• Exercise material:
_ _ _ _ _ _ _

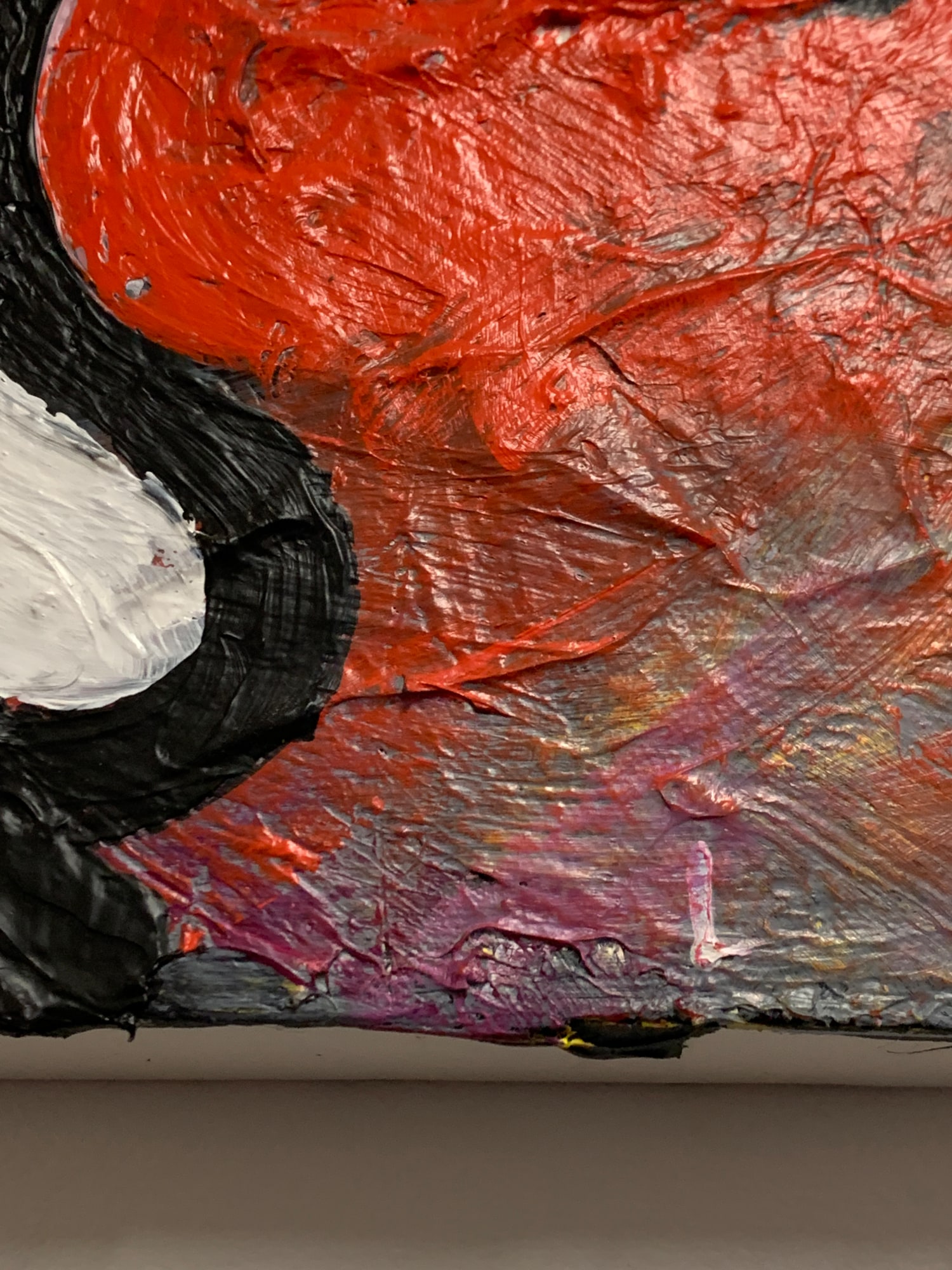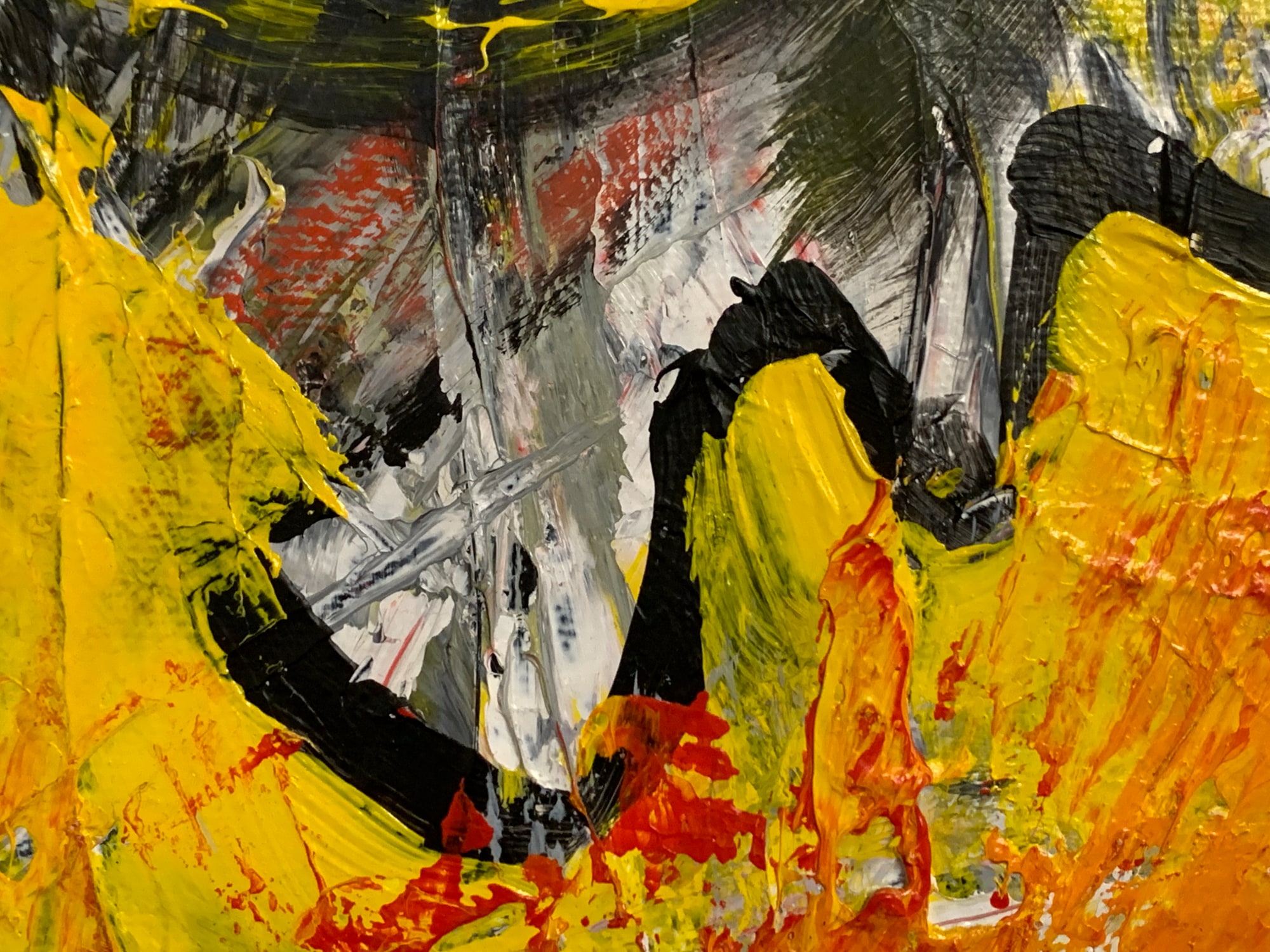 This is a heavily built up abstract painting in acrylic on canvas. The bold bright colors really have a lot of texture.
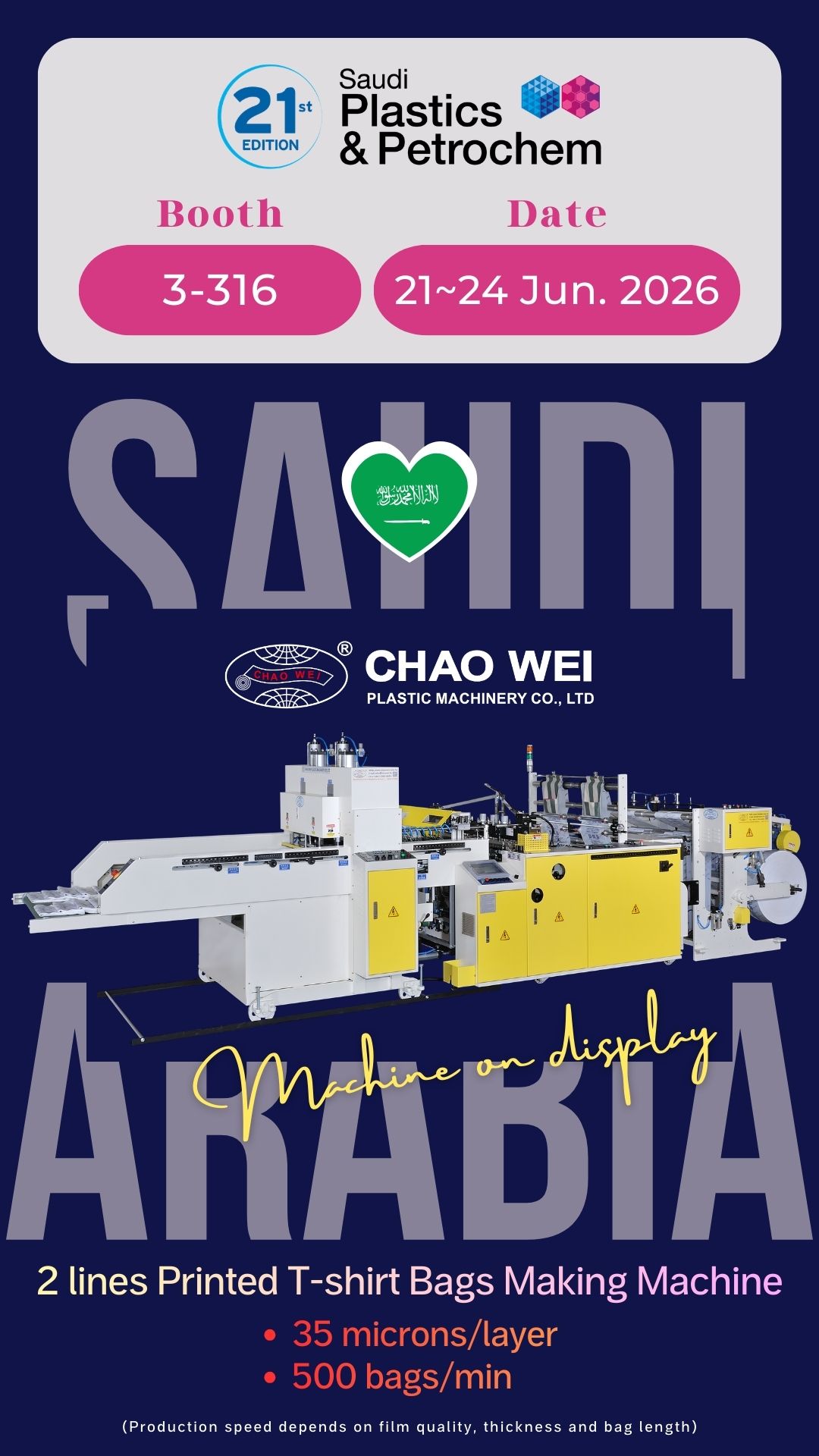 Come visit us to see the Super High Speed T-shirt bag making machine that we are going to display in our booth.
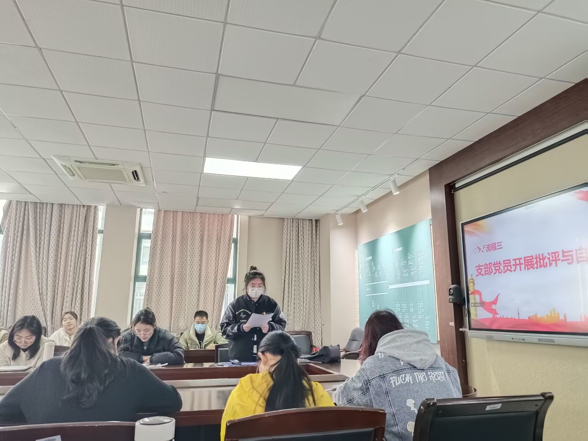 陈老师指出党内生活是党员同志们的第一生活,强调各位党员同志要时刻牢记和遵守党组织的纪律要求,希望大家能够进行自我约束和自我发展,在自我批评中要如实反应自身问题。在批评和自我批评的过程中,能够对自己和其他党员有一个更为透彻的了解。同时也希望党员同志们对新一年的自我要求能够有所提高。
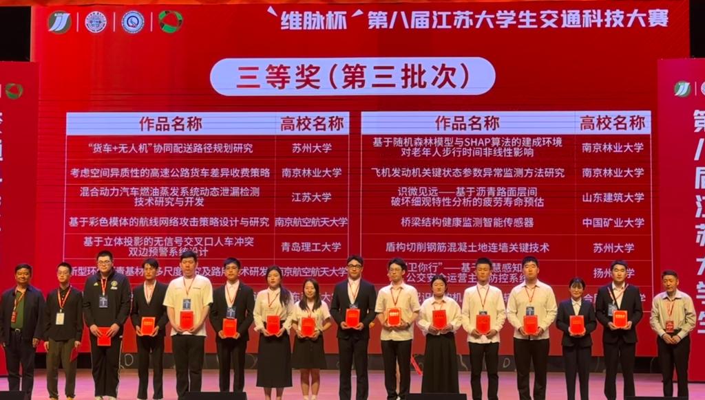 近日,由教育部高等学校交通运输类教学指导委员会交通工程教学指导分委员会指导,江苏省城市科学研究会、江苏省城市规划研究会、南京市科学技术协会、南京市综合交通运输学会主办,苏州大学、苏州市综合交通运输学会共同承办的“维脉杯”第八届江苏大学生交通科技大赛决赛在苏州大学天赐庄校区举行。ac米兰官方网站共有两支队伍入围决赛,经现场答辩,研究生团队参赛作品获得三等奖;本科生团队参赛作品获得优秀奖。
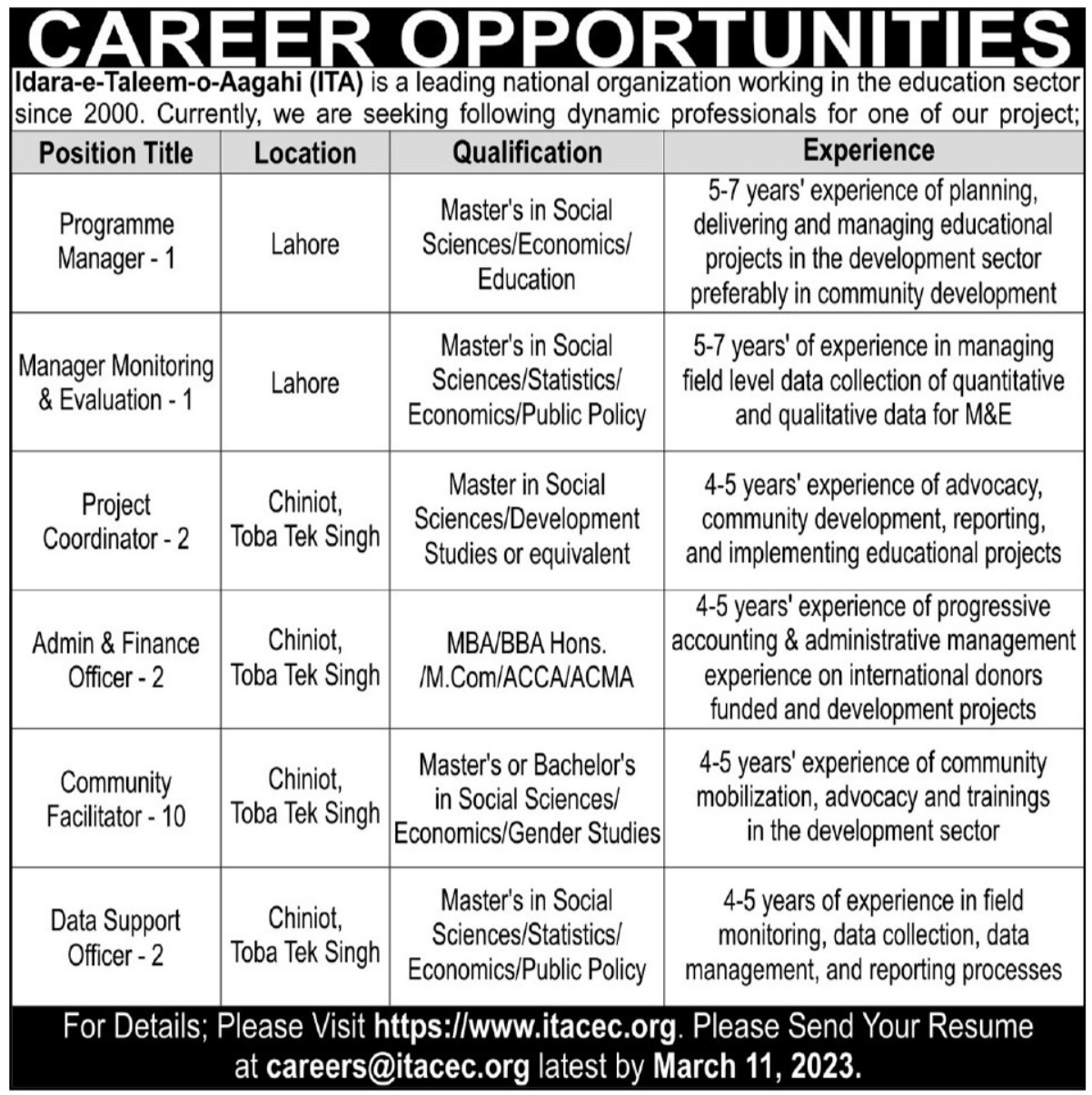 Idara e Taleem o Aagahi ITA is looking for candidates for following posts as per job advertisement published in daily Express Tribune Newspaper of March 2, 2023 for location Lahore, chiniot, lahore and toba tek singh Punjab Pakistan:
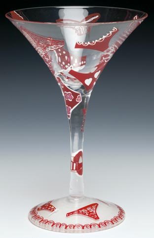 Lolita Red Panties Martini Glass features a design inspired by a delicious martini recipe, which is printed on the bottom of the glass! Each martini glass holds approximately 7 ½ ounces of your favorite martini and each comes distinctively gift boxed. The glasses are hand-painted with food-grade non-toxic paint.
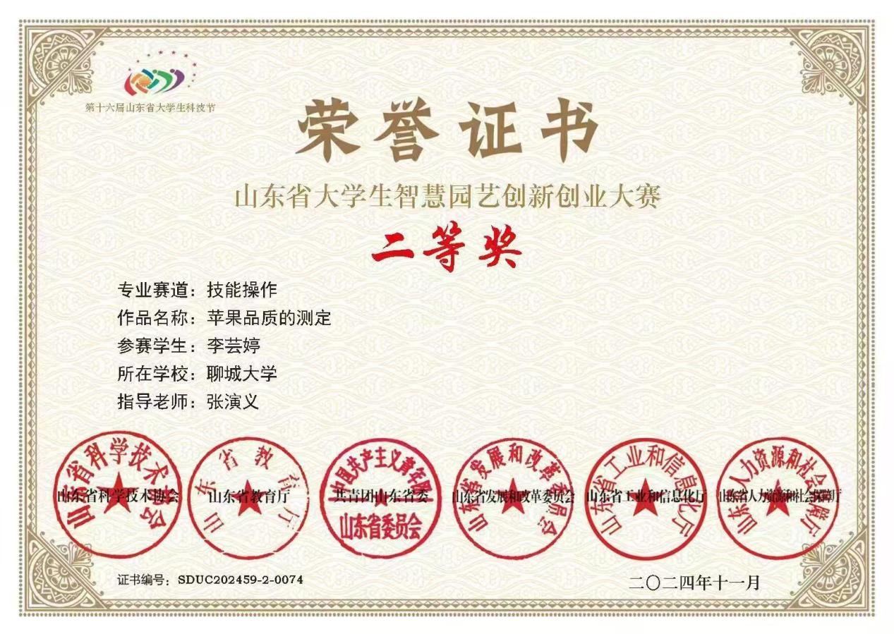 我院李芸婷同学在山东省大学生智慧园艺大赛中荣获二等奖,对该获奖同学予以祝贺表彰。
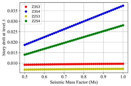 Variation of seismic mass factor (Ms) vs. drift at level 3.
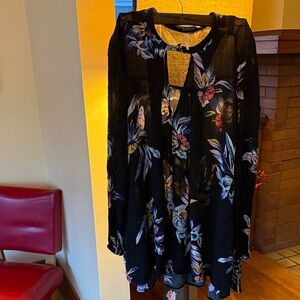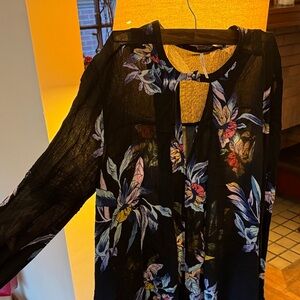 Lightweight fabric with all-over floral print. Keyhole neckline detail. Long sleeves with gentle drape. Feminine, flowy silhouette.
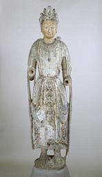 Keywords: Chinese - Standing Bodhisattva - Walters 254.jpg Bodhisattvas or Buddhas-to-be are dressed as Indian princes would be with elaborate jewelry Although his identifying symbols are lost this Bodhisattva is probably Guanyin Kuan-yin one of two Bodhisattva attendants to the Buddha who dwells in the western paradise The most important of all Bodhisattvas Guanyin Kuan-yin responds to the needs of those who call upon him- to escape from a fire or when desiring the birth of a child He usually holds a lotus sometimes in a vase in his lowered left hand sometimes in his right hand - a symbol of transcendence because it rises from mud The head of this statue was probably re-carved in the 11th-12th century or later between 581 618 quartz sandstone traces of paint cm 194 3 accession number 25 4 15294 Yamanaka Co New York Henry Walters Baltimore date of acquisition unknown by purchase Walters Art Museum Henry Walters Acquired by Henry Walters place of origin Shanxi Shan-hsi China Walters Art Museum license Art of China in the Walters Art Museum Media contributed by the Walters Art Museum needs category review Bodhisattva statues from China Statues of the Sui Dynasty |
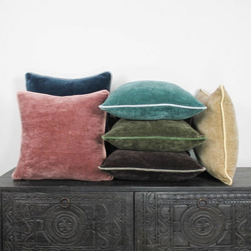 The rich hues of this velvet pillow is as luxurious as the fabric itself. A contrasting piping on the edges provides an interesting and appealing accent. Includes polyester fiber pillow insert.
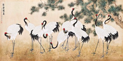 《松齡鶴壽圖》是陳之佛工筆花鳥中尺幅較大的一幅,是為慶祝中華人民共和國成立十周年的獻(xiàn)禮作。10只體態(tài)優(yōu)雅的丹頂鶴,安逸地徜徉于大地之上,或昂首唳天,或回首顧盼,或凝神遠(yuǎn)眺,蒼翠的古松由畫面右上方伸入,枝干蒼勁古樸,松枝郁郁蔥蔥,蘊含著無限生機。陳之佛在中國畫傳統(tǒng)線描基礎(chǔ)上,將西洋畫和裝飾畫的線條加以改造后融入其中,使線條的表現(xiàn)力更為豐富。
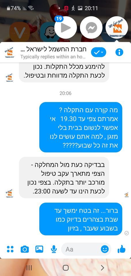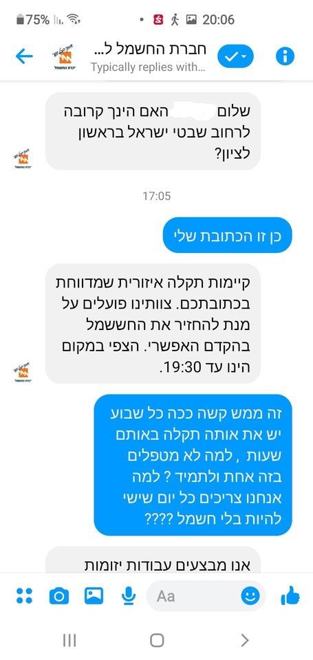 התושבים התכתבו עם חברת החשמל בנושא וכל פעם נאמר להם כי קיימת תקלה שמטופלת על ידי הצוותים, אך מדי שבוע כאמור חזרה התקלה שוב ושוב.
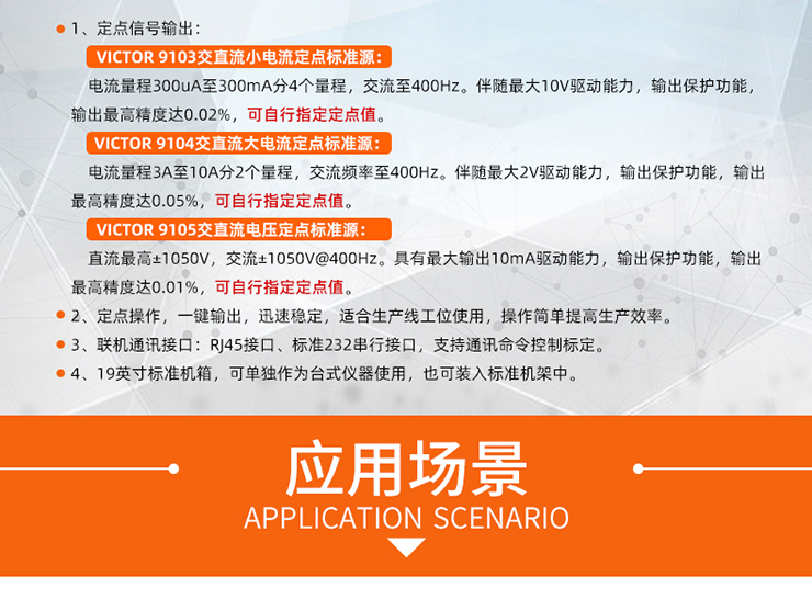 VICTOR 910x系列交直流電壓/電流標準源(以下簡稱標準源)是6位輸出值顯示,定點輸出交直流電壓/電流的標準源。采用數(shù)字式信號合成技術(shù)和先進的穩(wěn)幅、功放、保護新技術(shù),使其穩(wěn)定性好、精度高、安全可靠。通過按鍵選擇,直接輸出一個固定值,輸出快速方便。具有以太網(wǎng)RJ45接口、標準RS232通訊接口,軟件協(xié)議簡單,便于組成系統(tǒng)。

_ _ _ _ _ _ _

• Exercise goal:
The entries must be repeated exactly. Leave the images out.

• Answer box:
 This is a heavily built up abstract painting in acrylic on canvas. The bold bright colors really have a lot of texture.
 Come visit us to see the Super High Speed T-shirt bag making machine that we are going to display in our booth.
 陈老师指出党内生活是党员同志们的第一生活,强调各位党员同志要时刻牢记和遵守党组织的纪律要求,希望大家能够进行自我约束和自我发展,在自我批评中要如实反应自身问题。在批评和自我批评的过程中,能够对自己和其他党员有一个更为透彻的了解。同时也希望党员同志们对新一年的自我要求能够有所提高。
 近日,由教育部高等学校交通运输类教学指导委员会交通工程教学指导分委员会指导,江苏省城市科学研究会、江苏省城市规划研究会、南京市科学技术协会、南京市综合交通运输学会主办,苏州大学、苏州市综合交通运输学会共同承办的“维脉杯”第八届江苏大学生交通科技大赛决赛在苏州大学天赐庄校区举行。ac米兰官方网站共有两支队伍入围决赛,经现场答辩,研究生团队参赛作品获得三等奖;本科生团队参赛作品获得优秀奖。
 Idara e Taleem o Aagahi ITA is looking for candidates for following posts as per job advertisement published in daily Express Tribune Newspaper of March 2, 2023 for location Lahore, chiniot, lahore and toba tek singh Punjab Pakistan:
 Lolita Red Panties Martini Glass features a design inspired by a delicious martini recipe, which is printed on the bottom of the glass! Each martini glass holds approximately 7 ½ ounces of your favorite martini and each comes distinctively gift boxed. The glasses are hand-painted with food-grade non-toxic paint.
 我院李芸婷同学在山东省大学生智慧园艺大赛中荣获二等奖,对该获奖同学予以祝贺表彰。
 Variation of seismic mass factor (Ms) vs. drift at level 3.
 Lightweight fabric with all-over floral print. Keyhole neckline detail. Long sleeves with gentle drape. Feminine, flowy silhouette.
 Keywords: Chinese - Standing Bodhisattva - Walters 254.jpg Bodhisattvas or Buddhas-to-be are dressed as Indian princes would be with elaborate jewelry Although his identifying symbols are lost this Bodhisattva is probably Guanyin Kuan-yin one of two Bodhisattva attendants to the Buddha who dwells in the western paradise The most important of all Bodhisattvas Guanyin Kuan-yin responds to the needs of those who call upon him- to escape from a fire or when desiring the birth of a child He usually holds a lotus sometimes in a vase in his lowered left hand sometimes in his right hand - a symbol of transcendence because it rises from mud The head of this statue was probably re-carved in the 11th-12th century or later between 581 618 quartz sandstone traces of paint cm 194 3 accession number 25 4 15294 Yamanaka Co New York Henry Walters Baltimore date of acquisition unknown by purchase Walters Art Museum Henry Walters Acquired by Henry Walters place of origin Shanxi Shan-hsi China Walters Art Museum license Art of China in the Walters Art Museum Media contributed by the Walters Art Museum needs category review Bodhisattva statues from China Statues of the Sui Dynasty |
 The rich hues of this velvet pillow is as luxurious as the fabric itself. A contrasting piping on the edges provides an interesting and appealing accent. Includes polyester fiber pillow insert.
 《松齡鶴壽圖》是陳之佛工筆花鳥中尺幅較大的一幅,是為慶祝中華人民共和國成立十周年的獻(xiàn)禮作。10只體態(tài)優(yōu)雅的丹頂鶴,安逸地徜徉于大地之上,或昂首唳天,或回首顧盼,或凝神遠(yuǎn)眺,蒼翠的古松由畫面右上方伸入,枝干蒼勁古樸,松枝郁郁蔥蔥,蘊含著無限生機。陳之佛在中國畫傳統(tǒng)線描基礎(chǔ)上,將西洋畫和裝飾畫的線條加以改造后融入其中,使線條的表現(xiàn)力更為豐富。
 התושבים התכתבו עם חברת החשמל בנושא וכל פעם נאמר להם כי קיימת תקלה שמטופלת על ידי הצוותים, אך מדי שבוע כאמור חזרה התקלה שוב ושוב.
 VICTOR 910x系列交直流電壓/電流標準源(以下簡稱標準源)是6位輸出值顯示,定點輸出交直流電壓/電流的標準源。采用數(shù)字式信號合成技術(shù)和先進的穩(wěn)幅、功放、保護新技術(shù),使其穩(wěn)定性好、精度高、安全可靠。通過按鍵選擇,直接輸出一個固定值,輸出快速方便。具有以太網(wǎng)RJ45接口、標準RS232通訊接口,軟件協(xié)議簡單,便于組成系統(tǒng)。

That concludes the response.